Le taux de chômage a baissé, mais le nombre d'emplois n'augmente pas - La véritable nature du "ralentissement silencieux" de l'emploi aux États-Unis

2026年01月11日 00:23

Les statistiques de l'emploi aux États-Unis ont révélé un “ralentissement silencieux” plutôt qu'un effondrement spectaculaire. Le nombre d'emplois non agricoles (NFP) en décembre 2025 a augmenté de 50 000 par rapport au mois précédent. Le taux de chômage a légèrement diminué à 4,4%. En regardant uniquement les chiffres, on pourrait dire "ce n'est pas si mal", mais sur une base annuelle, le tableau change complètement. La création d'emplois en 2025 s'élève à un total de 584 000, ce qui marque un net ralentissement par rapport aux 2 millions de l'année précédente (2024).


Quel impact ce “ralentissement” aura-t-il sur les ménages, quelles décisions imposera-t-il aux entreprises, aux marchés et à la Fed (Réserve fédérale des États-Unis) ? Nous allons analyser les détails des statistiques et les points de discussion diffusés sur les réseaux sociaux pour mieux comprendre.
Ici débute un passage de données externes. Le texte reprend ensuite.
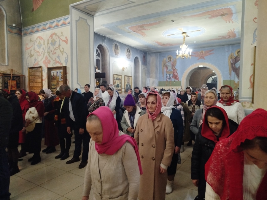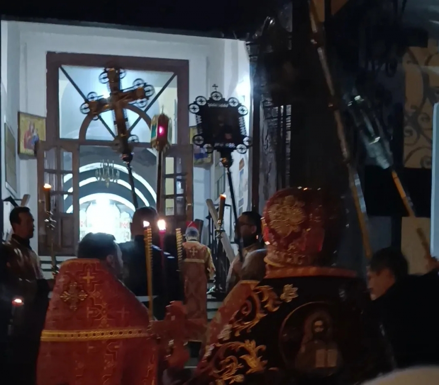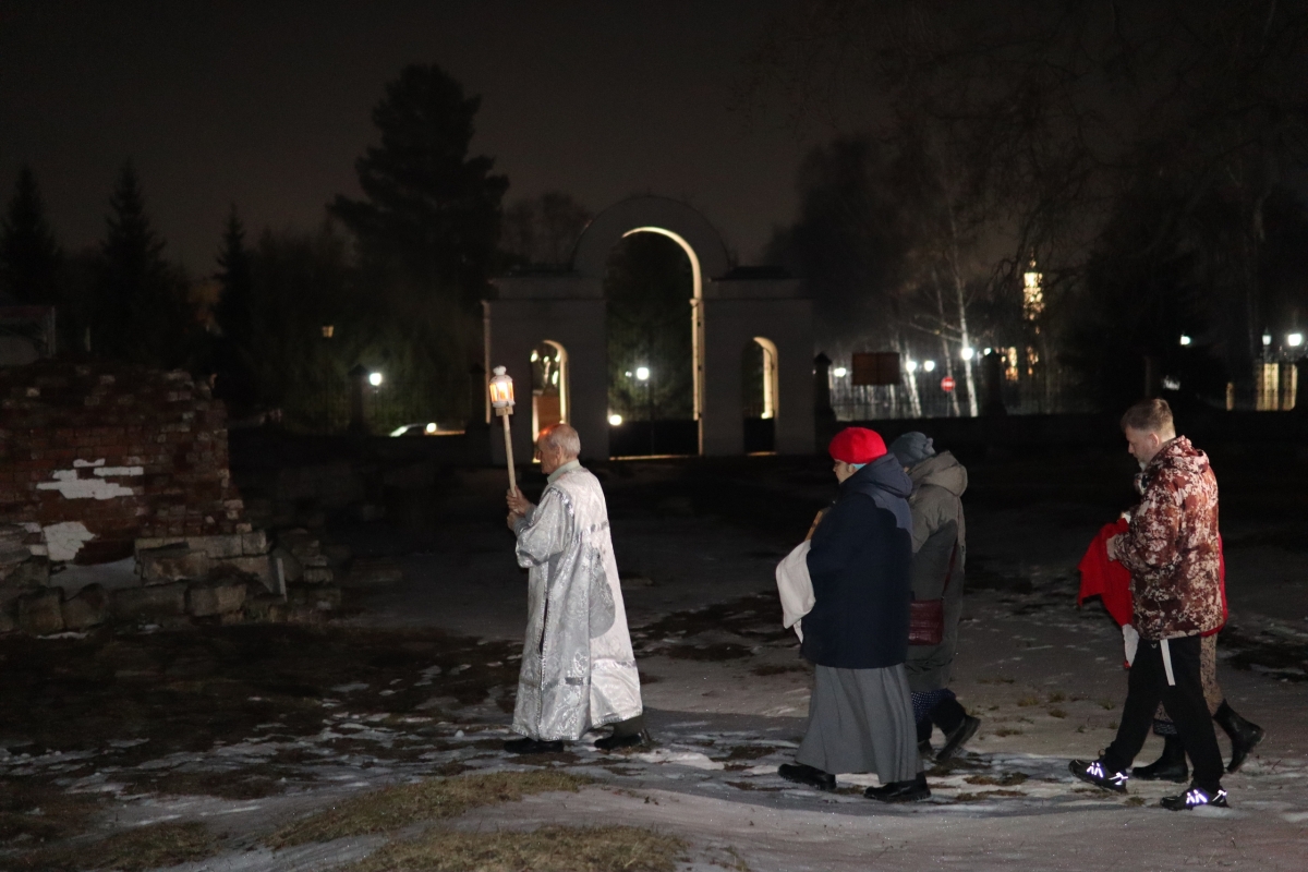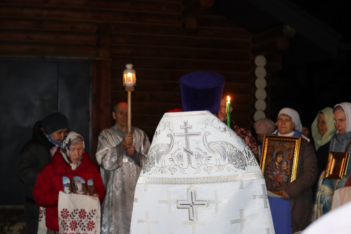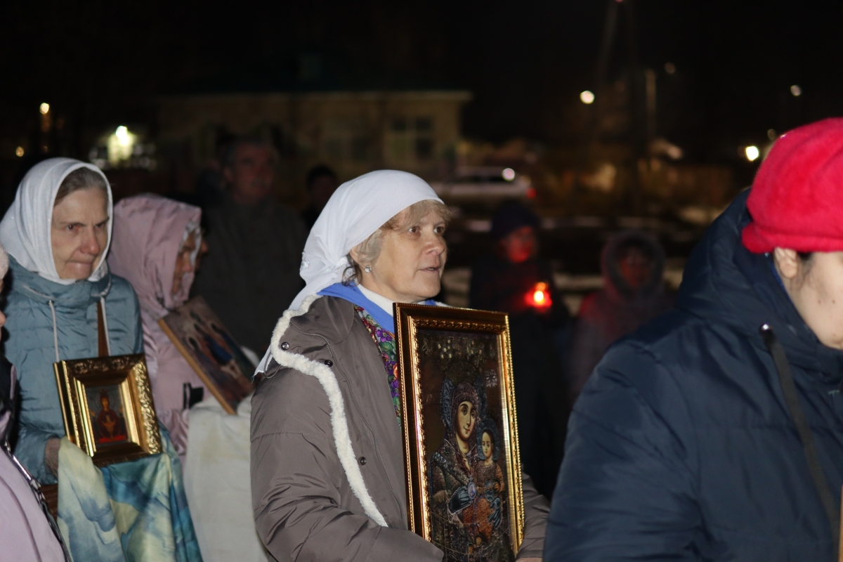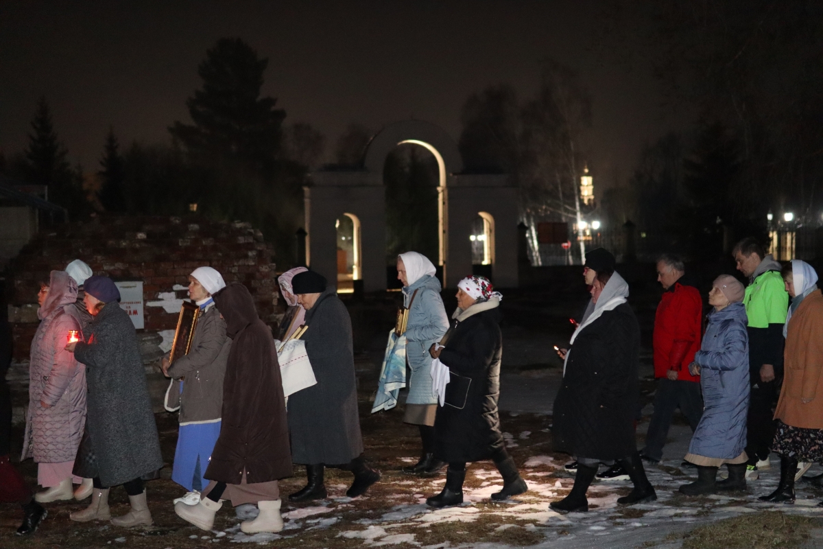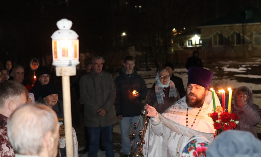 Под пение стихиры «Воскресение Твое, Христе Спасе» был совершен крестный ход по старинному Троицкому кладбищу и вокруг храма. Шествие, возглавляемое священником, знаменует собой путь навстречу Воскресшему Богу. Затем верующие с лампадками и свечами остановились у входа перед закрытыми церковными дверями, символизирующими вход в пещеру Гроба Господня. Отец Илия трижды пропели пасхальный тропарь, и зазвучали торжественные слова «Христос Воскресе!».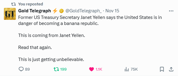 So when someone like Yellen is publicly allowed to use “banana republic” language and whispers about gold-backed bonds, the message is simple: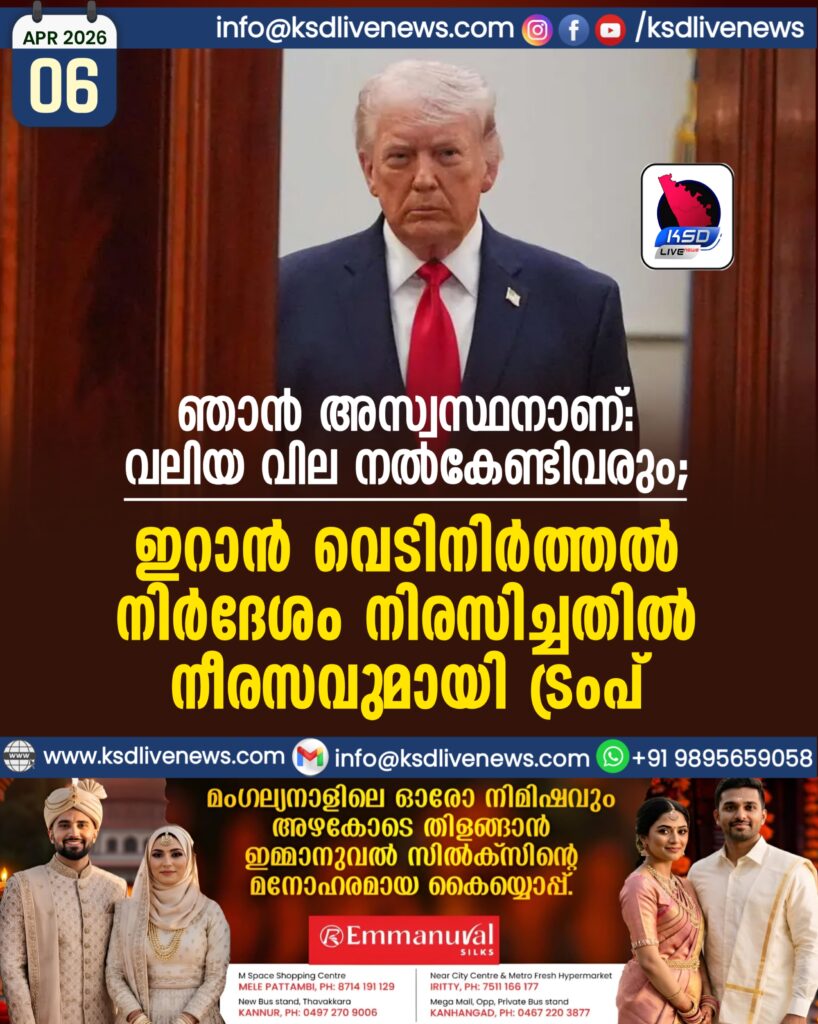 ഇറാന്റെ ഈ നിലപാടിൽ താൻ വളരെ അസ്വസ്ഥനാണെന്നും എത്രയും വേഗം ഒരു കരാറിൽ എത്തിച്ചേരാൻ സാധിക്കാത്ത പക്ഷം ഇറാൻ വലിയ വില നൽകേണ്ടി വരുമെന്നും ട്രംപ് തിങ്കളാഴ്ച മുന്നറിയിപ്പ് നൽകി. ആഗോള ഇന്ധന വിതരണത്തെ ബാധിക്കുന്ന ഹോർമുസ് കടലിടുക്കിലെ ഗതാഗതം പുനഃസ്ഥാപിക്കുന്നതിനും സമാധാന കരാറിൽ എത്തുന്നതിനുമായി ട്രംപ് തന്നെ പ്രഖ്യാപിച്ചിട്ടുള്ള സമയപരിധി അടുത്തവരികയാണ്.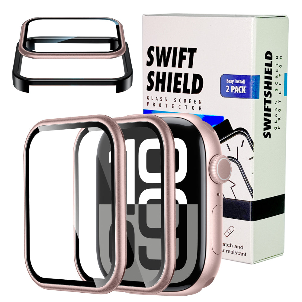 Apple Watch Series 10 (46mm) Glass Screen Protector Alignment Kit by SwiftShield (2 Pack - Rose Gold)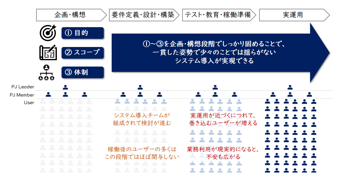 システム企画・構想段階のポイントは、ずばり「①目的・②スコープ・③体制」の3点です。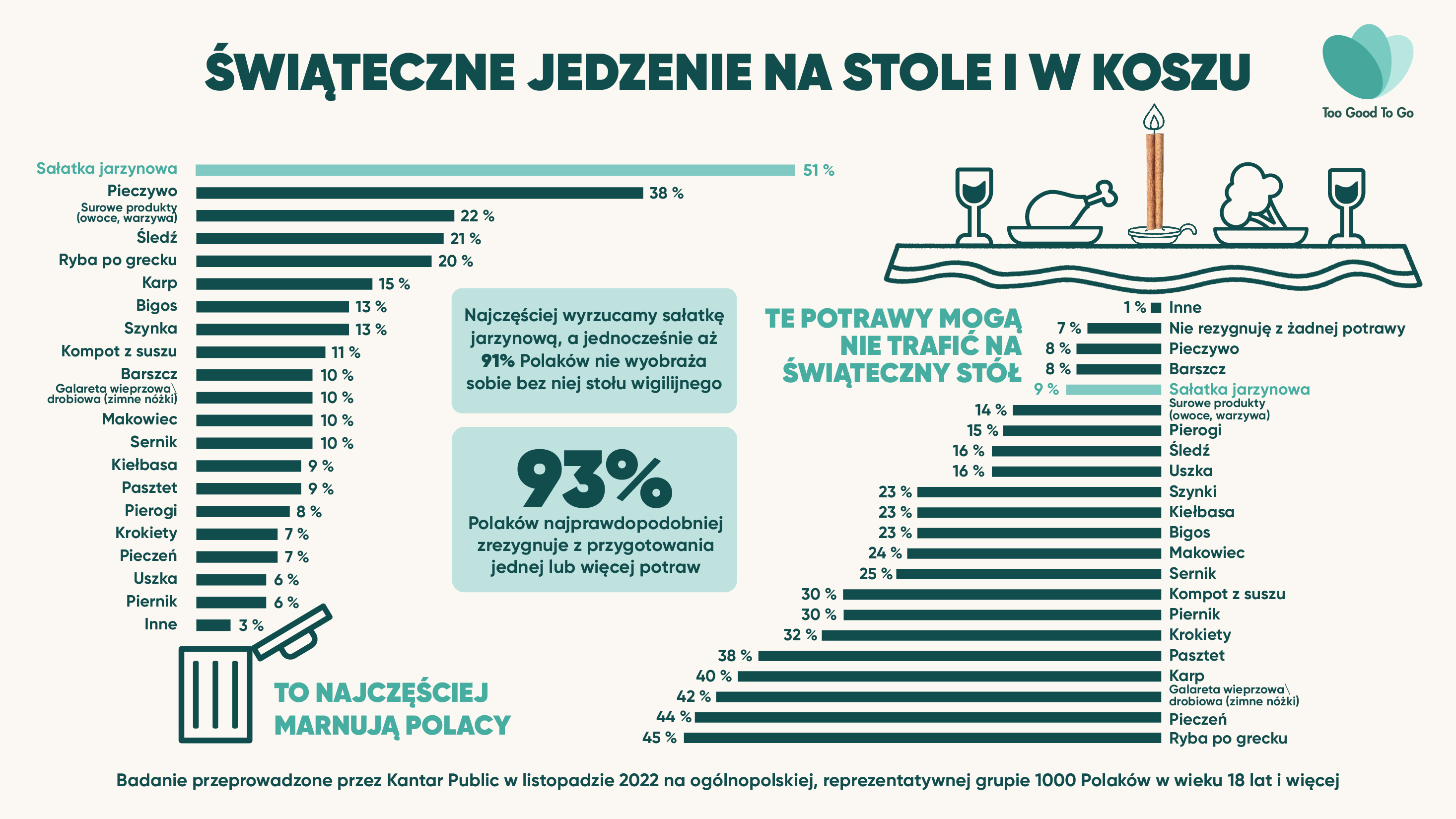 Tegoroczne święta w dobie wysokiej inflacji będą najskromniejsze od lat. Prawie połowa Polaków deklaruje, że przygotuje mniej niż 12 potraw na wigilijny stół, a w pierwszej kolejności rozważa rezygnację z ryby po grecku (45%). Mimo że w trudnych czasach jedzenie jest cennym „prezentem”, to jednocześnie wciąż wyrzucamy żywność – potwierdziło to 39% Polaków. Co i dlaczego marnujemy postanowiło zbadać Too Good To Go we współpracy z Kantar Public.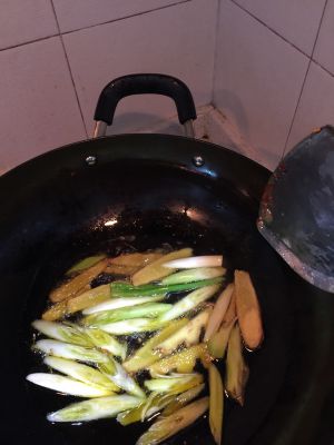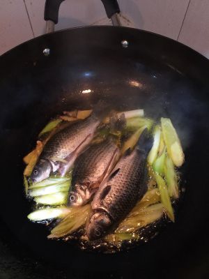 半小时后,凉油下葱姜,稍稍煎一会,鲫鱼用纸吸干周身水分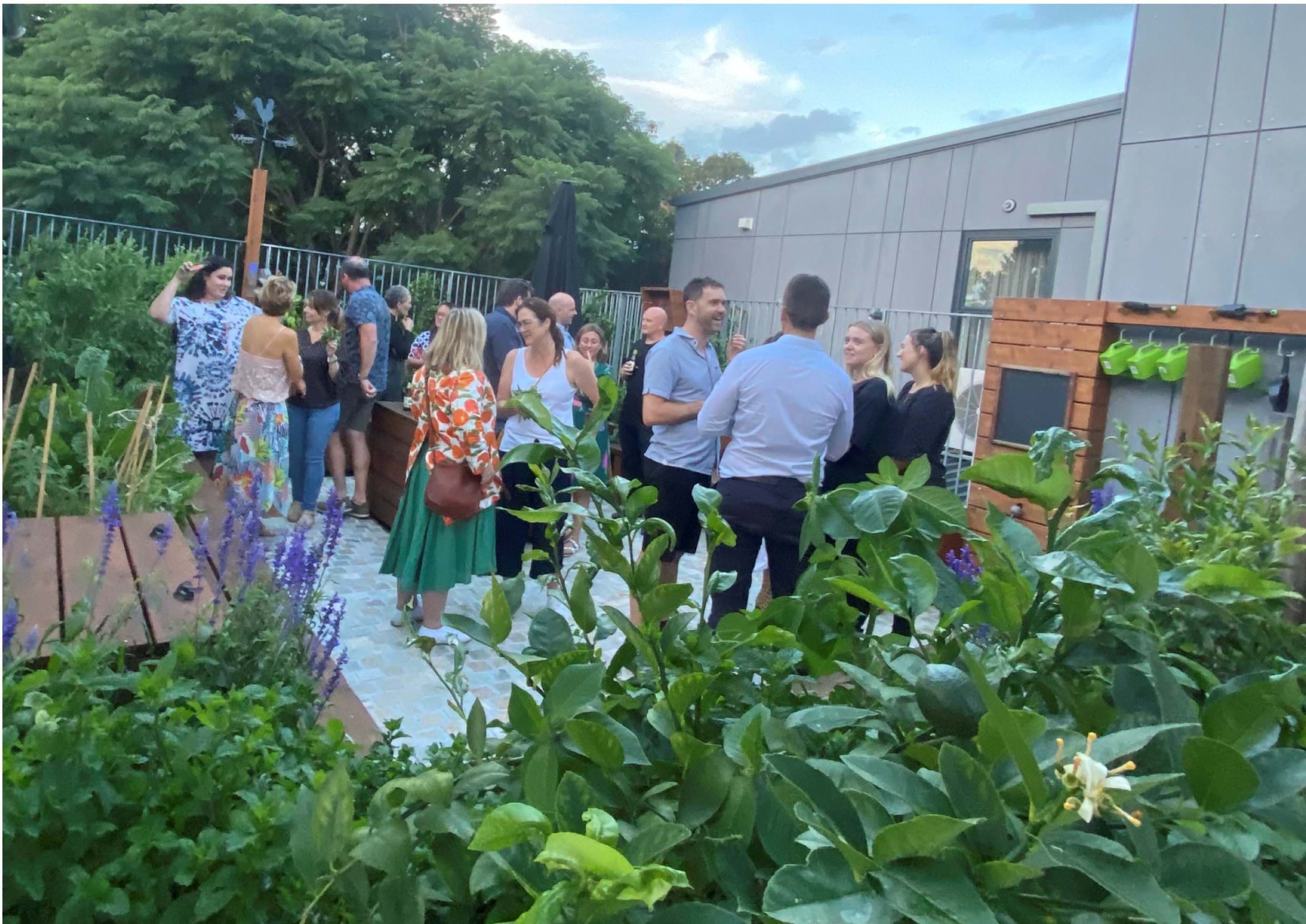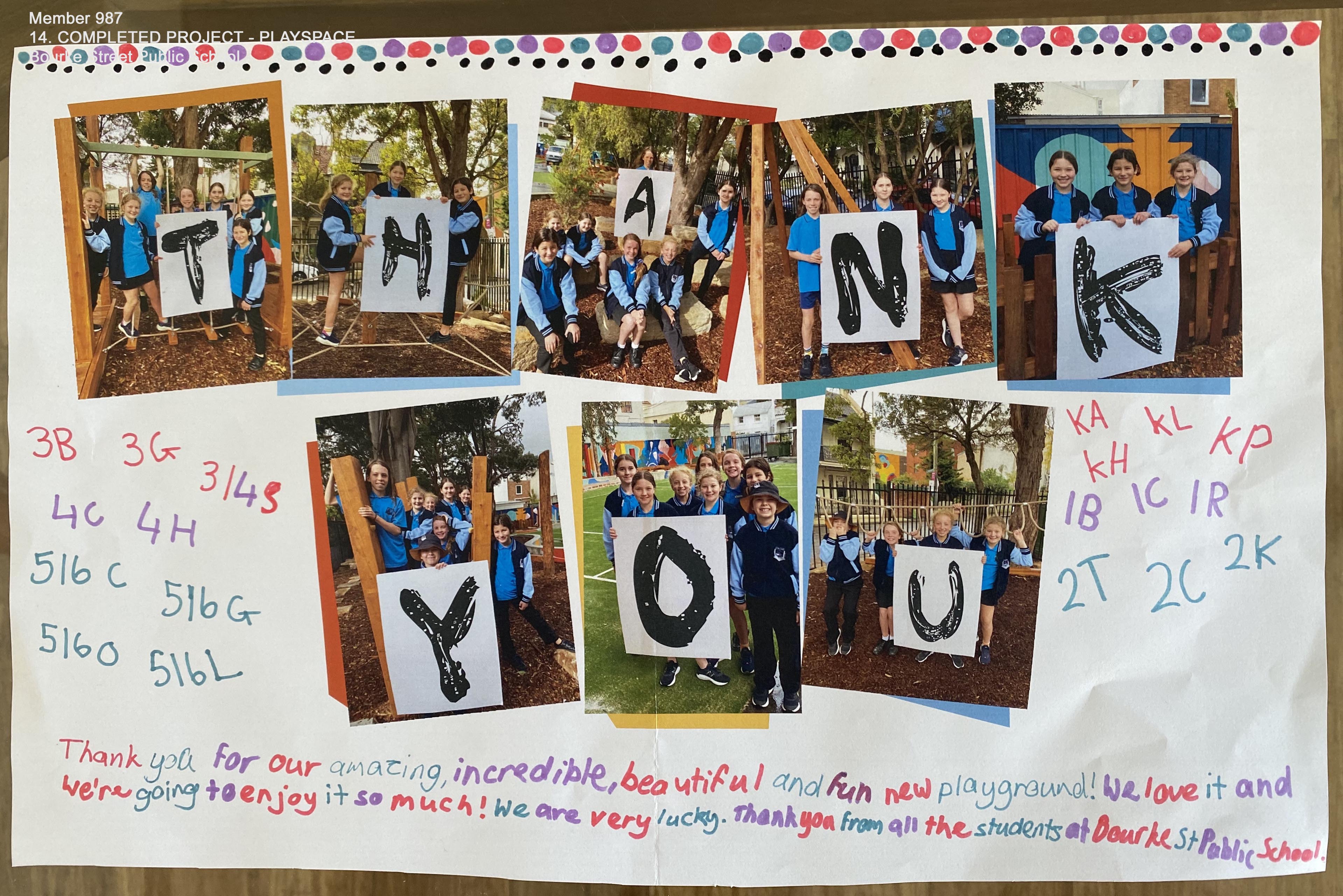 Off-form concrete walls delineate the sports court and play areas. Undulating concrete walls double as a seating edge and create a sweeping, organic curve to break up the geometry of the surrounding structures. A large vibrant mural on the fence line, has colours that are picked up in the play space elements. The natural play space was designed to carefully weave its way through the existing trees. A rooftop garden includes productive gardens, storage for gardening equipment and elements that help teach about sustainability.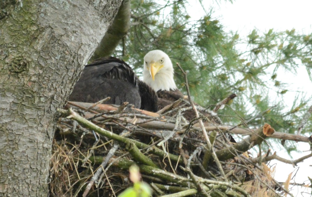 Eaglet at the local nest is now 9 weeks old. He is practicing to flap his wings and in a few weeks or so should be fledging. I missed the dad flying in with lunch because a car drove by me, and I looked away for a few seconds. I love watching the nest activity! They are such regal birds!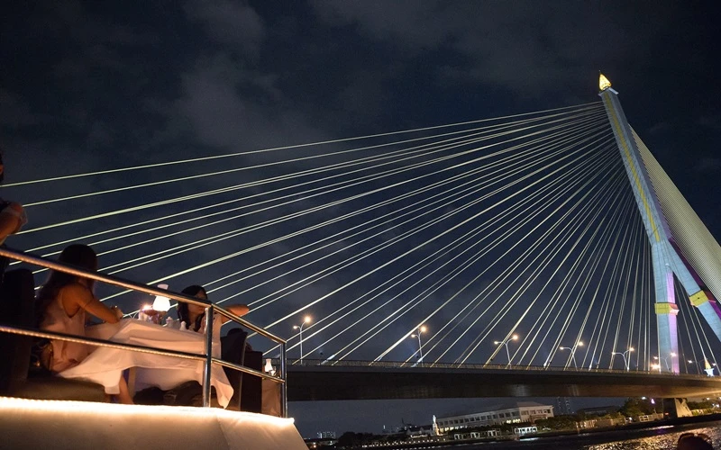 เวลา 20.00 น. | เวลาสำหรับความอร่อยกับอาหารบุฟเฟ่ต์นานาชาติเลิศรส ภายใต้ความโรแมนติคของแสงเทียนและเสียงเพลงสากลที่ท่านชื่นชอบโดยนักร้องเสียงเสน่ห์จากฟิลิปปินส์ ตื่นตาตื่นใจกับความสวยงามของสถาปัตยกรรมสองฝั่งแม่น้ำเจ้าพระยา ในมุมมองที่ท่านอาจมิได้สัมผัสบ่อยนัก อาทิเช่น วัดกัลยาณมิตร วัดอรุณราชวราราม วัดพระแก้ว สะพานพระราม 8 พระราชวังบางขุนพรหม และสถานที่สวยงามต่างๆ อีกมากมาย ที่จะสร้างความประทับใจมิรู้ลืม |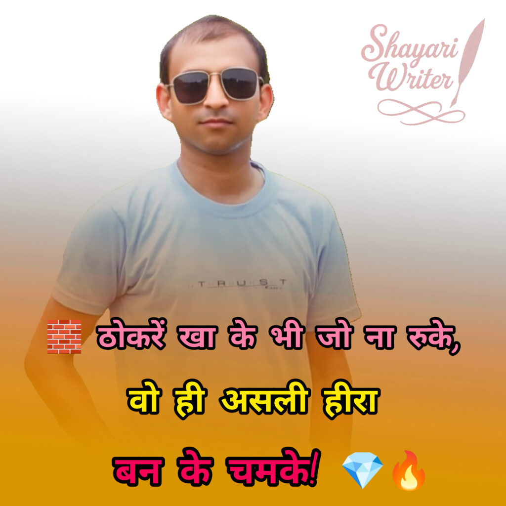 Motivational Shayari 🧱 ठोकरें खा के भी जो ना रुके,वो ही असली हीरा बन के चमके! 💎🔥 admin August 7, 2025 Author admin Continue Reading Previous Previous post: 💣 जिस दिन खुद पर भरोसा कर लिया,उस दिन तू भी ज़िंदगी से जीत जाएगा! 🏆💪Next Next post: 💪 हालात चाहे जैसे भी हों, मत डर,संघर्ष ही तो करता है पत्थर को नगीना! ✨🗿 Leave a Reply Cancel replyYour email address will not be published. Required fields are marked *Comment * Name * Email * Website Save my name, email, and website in this browser for the next time I comment. Related News 🚀 सपनों का आसमान उन्हीं को मिलता है,जो संघर्ष को अपना ईंधन बना लेते हैं! ⛽✨ August 12, 2025 🕯️ अंधेरों से मत डर, रोशनी खुद बन,संघर्ष को अपनाकर ही महान बन! 🌟🔥 August 12, 2025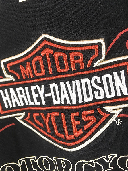 古着 HARLEY DAVIDSON バー&シールド 両面 刺しゅう アーム プリント 長袖 Tシャツ ロンT L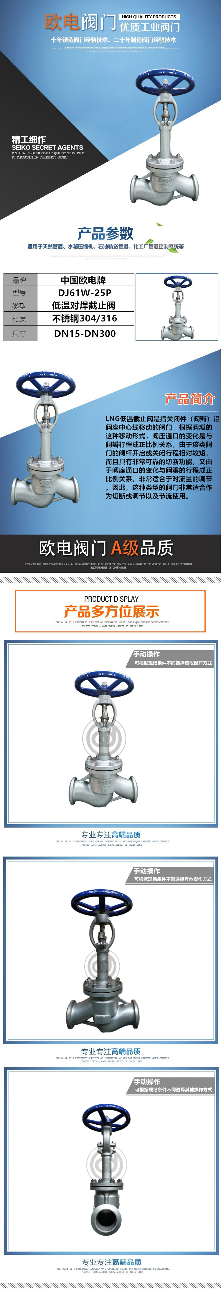 欧电阀门集团生产的低温截止阀 温度范围 -46℃- +200℃ -100℃- +200℃ -196℃-200℃ -230℃- +200℃

1) Tout d'abord, récapitulons les faits : décembre +50 000, mais "plus faible que l'année précédente"

Selon le BLS (Bureau of Labor Statistics des États-Unis), l'augmentation de l'emploi en décembre était de +50 000, avec un taux de chômage de 4,4%. Les secteurs ayant connu une augmentation sont principalement

  • la restauration (+27 000)

  • la santé (+21 000, dont les hôpitaux +16 000)

  • l'aide sociale (+17 000)
    En revanche, le commerce de détail a diminué de 25 000.


Un autre point souvent négligé est la "révision des données passées". Octobre a été révisé à la baisse de -105 000 à -173 000, et novembre de +64 000 à +56 000. Au total, pour les deux derniers mois, cela représente une révision à la baisse de 76 000, indiquant une réalité plus faible.


De plus, en 2025, il y a eu des circonstances particulières sur le plan statistique, comme l'impossibilité de collecter des données d'enquête auprès des ménages en octobre en raison de la fermeture du gouvernement fédéral (bien que l'enquête de décembre ait été menée normalement).



2) "Ne pas embaucher, mais ne pas licencier non plus" — L'atmosphère de “faible embauche et faible licenciement”

Un mot-clé qui a émergé autour de ces statistiques de l'emploi est l'idée que "l'emploi ne croît pas, mais ne s'effondre pas non plus". Dans les médias américains, le fait que la croissance de l'emploi soit faible mais que le taux de chômage ne monte pas en flèche est interprété comme un “piétinement” plutôt que comme une entrée en récession.


Cependant, si ce piétinement se prolonge, cela pourrait créer une "société où il est difficile de trouver un emploi". Dans une phase où les nouvelles embauches se raréfient, ceux qui ont actuellement un emploi sont relativement protégés, mais les opportunités de changement de carrière et de réemploi se réduisent, ce qui affecte progressivement les ménages.



3) L'impact progressif sur les ménages : augmentation du chômage de longue durée et des "temps partiels involontaires"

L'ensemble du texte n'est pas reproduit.